Re: Linux: DMA-after-unmap race in ZCRX via netif_rxq_cleanup_unlease() ordering inversion (netkit + page_pool)

From: Daniel Borkmann

Date: Fri May 29 2026 - 03:59:02 EST


On 5/29/26 2:56 AM, Prénom? Ahmed wrote:
Hi Jakub,

The patch looks correct, the reordering and stack copy approach makes sense.

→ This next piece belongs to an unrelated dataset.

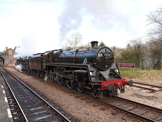 73156 coupled to sister BR Class 5 73082 during the Great Central Railway's Winter Steam Gala on 28th January 2023.

One thing I forgot to mention in my original report: I did trace the teardown path at runtime via ftrace/kprobes and confirmed the race window opens. I was not able to win it though — no actual DMA write was triggered, so exploitability remains hardware dependent.

Could you please add a Reported-by tag in the final commit :)?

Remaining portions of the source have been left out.